- **SOURCE DATA**:
====
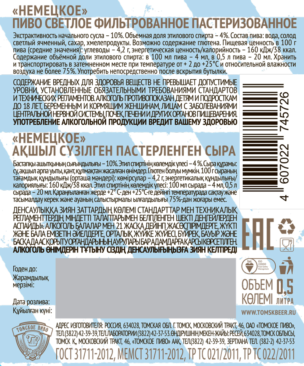 Пиво Немецкое светлое фильтрованное пастеризованное ст 0,5 л
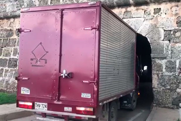Durante el mediodía del miércoles, un furgón intentó ingresar por la Boca de Santo Domingo del cordón amurallado de Cartagena, sin tener en cuenta el espacio disponible.
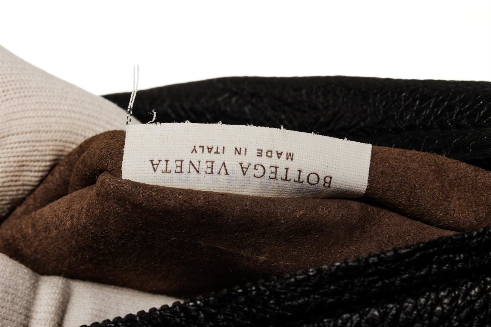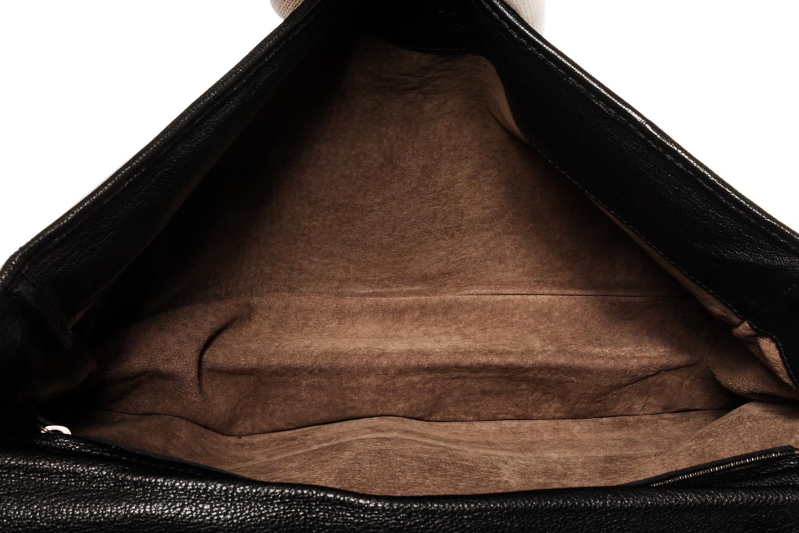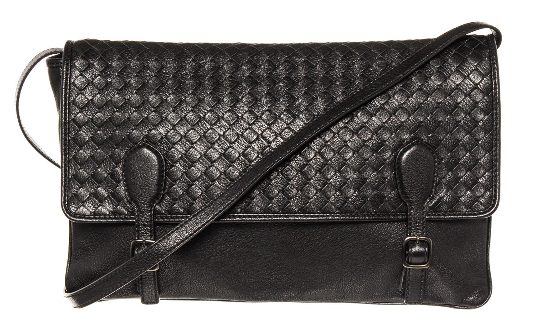 Black smooth leather with woven Intrecciato accent Bottega Veneta Buckle large messenger bag with dark silver-tone hardware, single flat shoulder strap, flap at top with dual buckle closures, brown suede lining and outer zip pocket. 13.0" W x 9.25" H x
====
- **THE TASK**:
Only the lines from the line with "Durante el mediodía" to the bottom of the material above should be reproduced, exactly and without pictures.

- **RESULT OF THIS TASK**:
Durante el mediodía del miércoles, un furgón intentó ingresar por la Boca de Santo Domingo del cordón amurallado de Cartagena, sin tener en cuenta el espacio disponible.
 Black smooth leather with woven Intrecciato accent Bottega Veneta Buckle large messenger bag with dark silver-tone hardware, single flat shoulder strap, flap at top with dual buckle closures, brown suede lining and outer zip pocket. 13.0" W x 9.25" H x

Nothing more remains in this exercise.